Fela and Pabla were sitting in the shade by the door, each with a baby in her arms. The women were old, but they looked ancient now, their faces ashen, their eyes veiled with grief and hopelessness. Even though she was standing right in front of them, they didn’t look at her, as if the only people they could see were the ones about to die. Ana could go no further. They, too, will die, she realized. We could all die.
She turned around and sprinted up the stairs to the casona. Severo was right. They were in danger. After years of struggle, her life could end in a few hours, just as it had for her long-ago ancestor, in an ignoble death. In filth and failure.
Leaving the casona now, while su gente died in the ramshackle barracks was not a defeat. It was a temporary surrender.
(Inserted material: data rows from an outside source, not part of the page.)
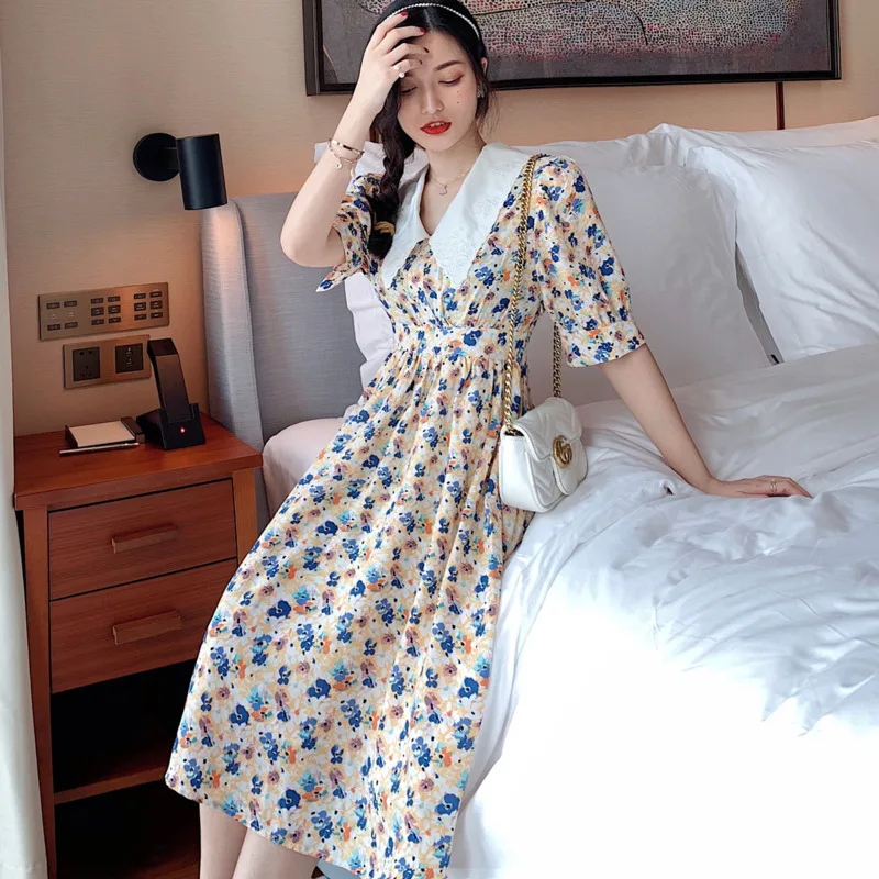 Летнее модное женское винтажное длинное платье, женское элегантное тонкое платье с цветочным принтом, воротник Питер Пэн, короткий рукав, шикарное пляжное платье в стиле бохо
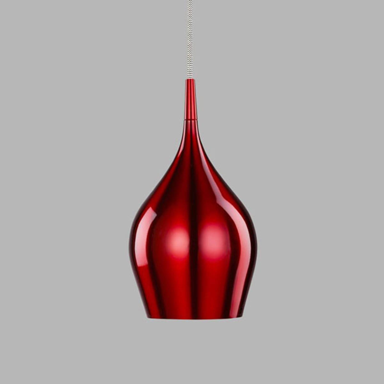 Lampada a sospensione Vibrante a forma di campana Il piccolo apparecchio a sospensione Vibrant convince per la sua forma a campana o a goccia e il suo colore brillante. Il paralume in alluminio è colorato all'esterno e ha una bella lucentezza. L'interno è dipinto di bianco, in modo che la luce della lampada E14 rifletta in modo eccellente e quindi intensifichi la luce. Vibrant è un piccolo apparecchio a sospensione ideale per l'illuminazione mirata di tavoli o banchi. L'elegante lampada a sospensione fornisce anche luce aggiuntiva, ad esempio sopra una cassettiera o un piccolo tavolino, per creare una piacevole atmosfera.
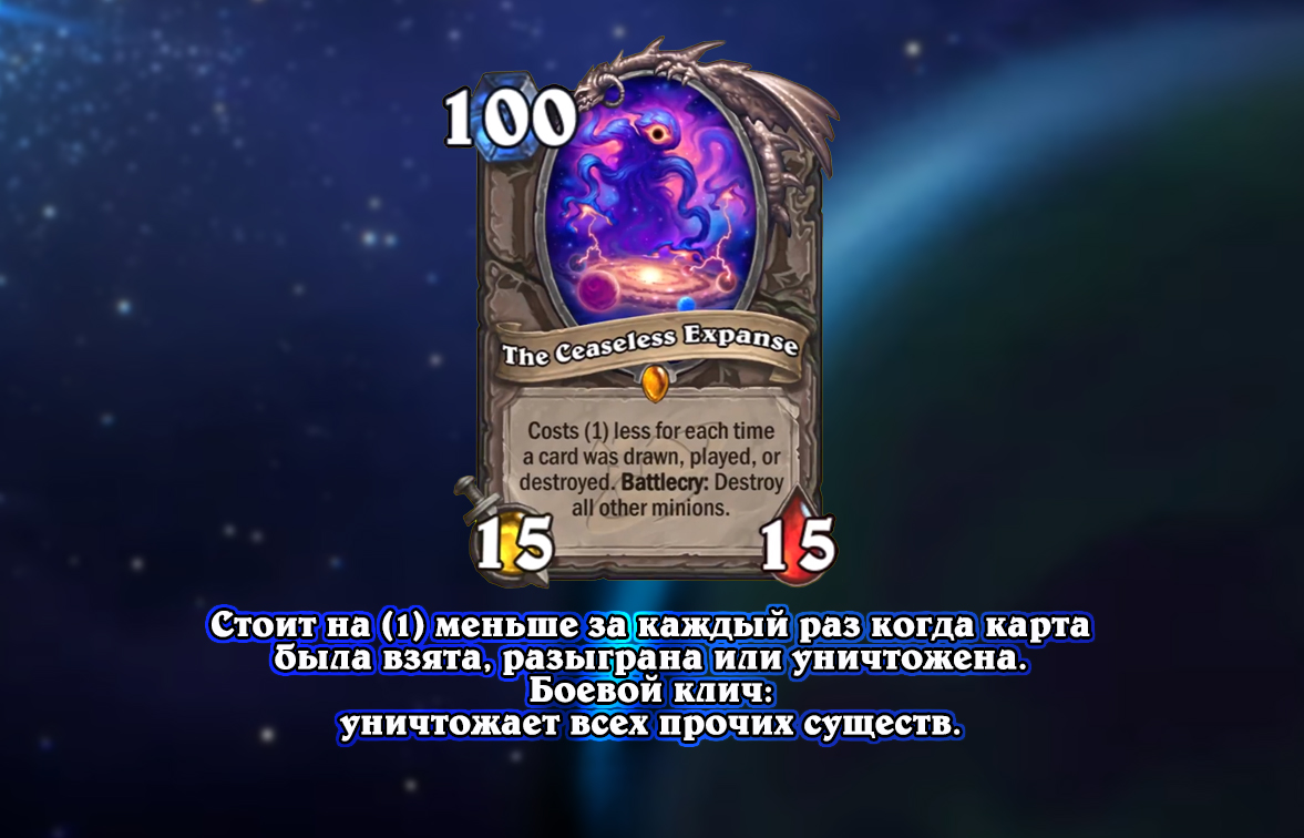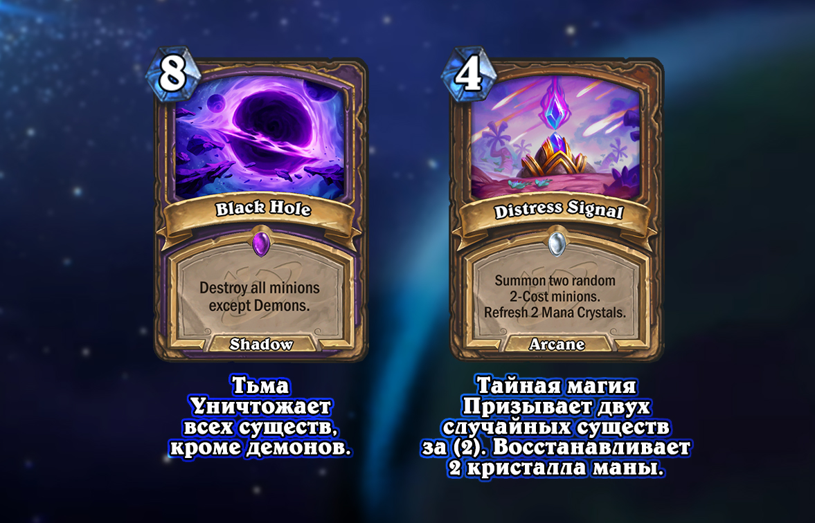 Космическая энергия буквально бьет через край на просторах Великой Запредельной Тьмы! Карты с возвращающимся свойством «Резонанс» получают особый эффект в первый раз, когда вы разыгрываете заклинание. Разыгрывайте карты с умом, чтобы получить прибавку к силе в нужный момент!
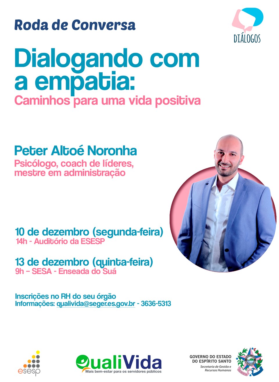 Com objetivo de fomentar caminhos para uma vida positiva, a Secretaria de Estado de Gestão e Recursos Humanos (Seger), por meio do Programa Qualivida, realizará rodas de conversa com o tema “Dialogando com empatia”, na próxima segunda-feira (10), às 14 horas, no auditório da Escola de Serviço Público do Espírito Santo (Esesp), e na quinta (13), às 9 horas, na Secretaria de Estado da Saúde (Sesa).
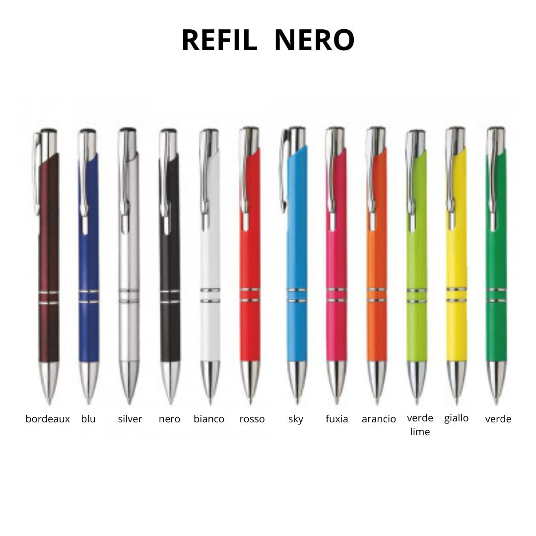 Penna sfera a scatto in plastica con clip metallo. Fusto colorato particolari silver. Refill nero.
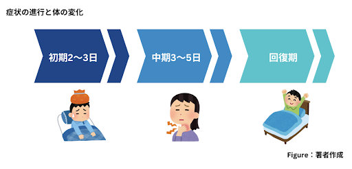 回復期 体調は回復するが、倦怠感や咳は1週間程度続くことも 熱はほぼ平熱になり、日常生活が可能になる。ただし、疲れやすさや軽い咳が残ることもあり、無理に活動すると再び体調を崩すこともある。
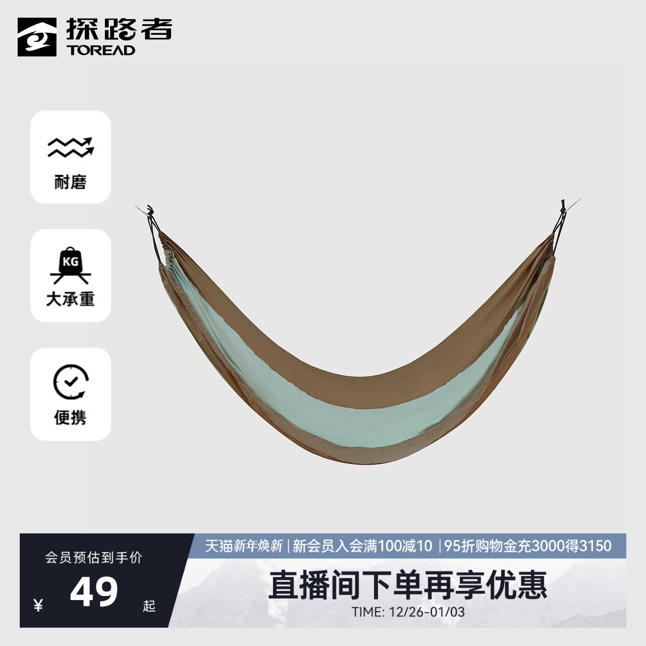 探路者露营吊床户外野营耐磨抗撕裂大承重尼龙材质超轻便携秋千
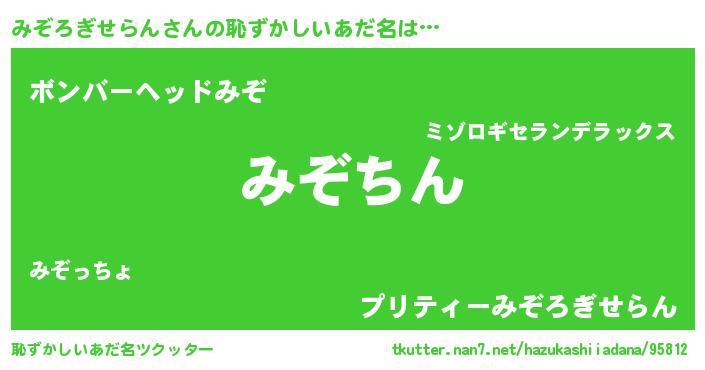 | ヘコむあだ名 | 『みぞろぎせらん(小並感)』『みぞにー』 |
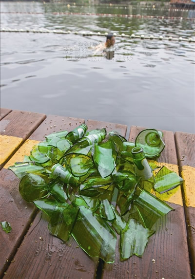 据介绍,该水域湖底铺有凹凸不平的石块,尖锐的玻璃碎片容易卡在石块缝隙里,对游泳的人造成伤害,也不容易被清理。我们想说,九山湖是给市民提供免费游泳的公共场所,湖区环境需要大家共同维护,不要随意将垃圾扔入河中。

To fulfill her responsibility to nuestra gente, she must live.
———
Early the next morning, Ana closeted herself in her study while men moved the furniture onto carts. She packed her books and pamphlets, catalogs and gazettes, Ramón’s and Inocente’s letters to and from their parents, her correspondence with Jesusa and Gustavo, Elena, and Miguel. In another crate, she placed communications to and from Mr. Worthy, the deeds, titles, reports, and transactions, dated and stamped.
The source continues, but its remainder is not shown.